Род занятий ложится сеткой и трафаретом на сознание человека. Кто работает в посудомойном цеху, для того весь мир только то и делает, что ест, пьет и что-то недоеденное оставляет в тарелке. Юристы и врачи, сказал классик, развращаются быстрее всех, поскольку имеют дело: одни — с болезнями плоти, другие — с болезнями социума. Ну и «кто в армии служил, тот в цирке не смеется». То, что нам кажется опытом объективным, есть лишь взгляд на улицу из зарешеченного окна — из окна нашей внутренней тюрьмы. И изучая насекомых, вполне естественно и на человека посмотреть под особым углом зрения. Под этим углом зрения вся наша жизнь будет лишь слюноточивой историей о том, как паучок «нашу муху в уголок поволок». Только если у Чуковского есть место и благородству комарика, и чаю с кренделями, и свадьбе, то у энтомолога будет только сухой язык цифр о том, какое же это гадкое насекомое — человек.

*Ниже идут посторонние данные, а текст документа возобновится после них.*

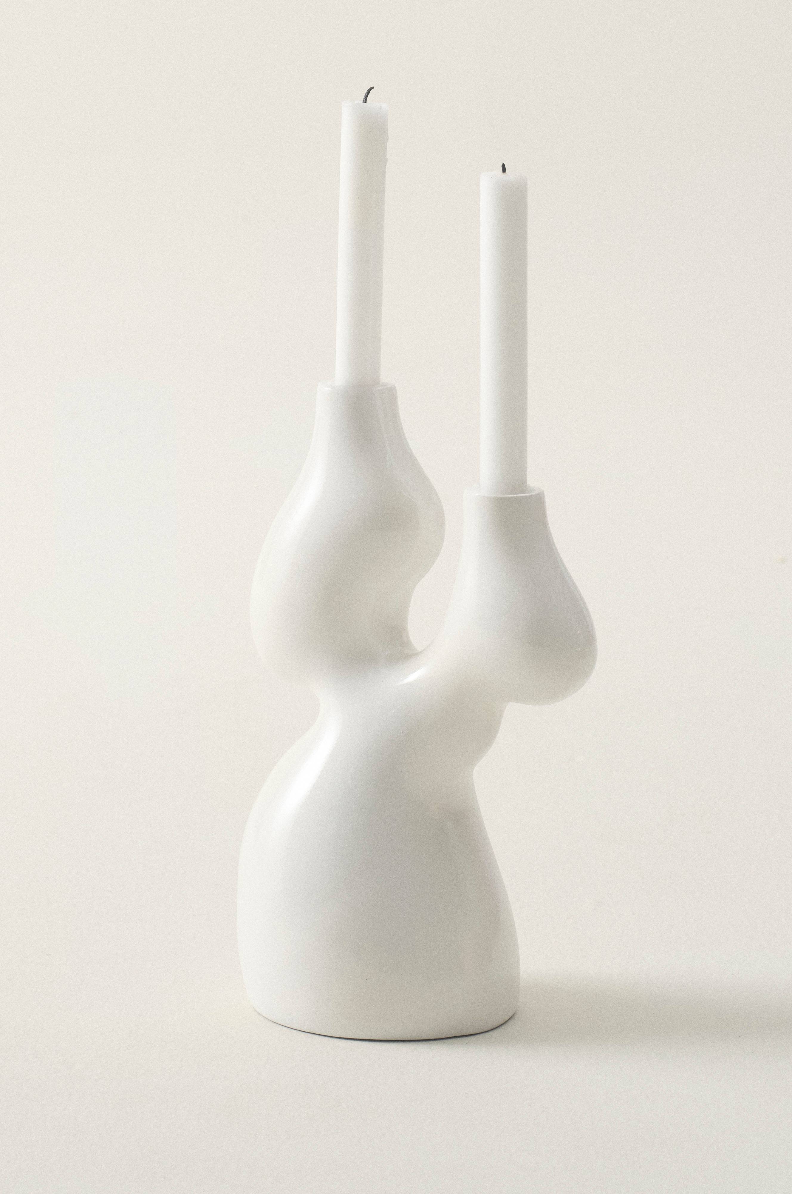 Håndlaget lysestake av polyresin. Lysestaken er myk og bølgende i formen, og har to lysholdere. Det fine håndverket gjør hver lysestake unik. Lys medfølger ikke.

Человека нельзя изучать как насекомое. И как примата его изучать нельзя. Его надо изучать только как человека, иначе выводы рискуют иметь некоторые погрешности, незаметные глазу обывателя, но полностью извращающие конечные выводы эксперимента.

Ни химия, ни физика, ни биология не видят человека, не замечают его и, соответственно, не имеют дела с ним, хотя о нем и рассуждают. В результате «человеколюбивая» наука делает некую вивисекцию с «топорами и пилами», как над оным олейниковским тараканом. В XX веке такие вивисекции производились над целыми народами. И все с умным видом, да для всеобщего блага, да ради преодоления предрассудков.

Видно правильно написано:

Кому велено чирикать — Не мурлыкайте!

Кому велено мурлыкать — Не чирикайте!

Не бывать вороне коровою,

Не летать лягушатам под облаком!

Вот так полезешь в «чистую науку», а получится у тебя в качестве вывода либо тотальный разврат, либо массовое кровопролитие. Или то и другое разом. Потом подойдет Никифор — бла-го-роднейший старик, ну и.

Кстати, не зря стишок у Достоевского не дописан. История ведь еще не кончилась.

Загрузка...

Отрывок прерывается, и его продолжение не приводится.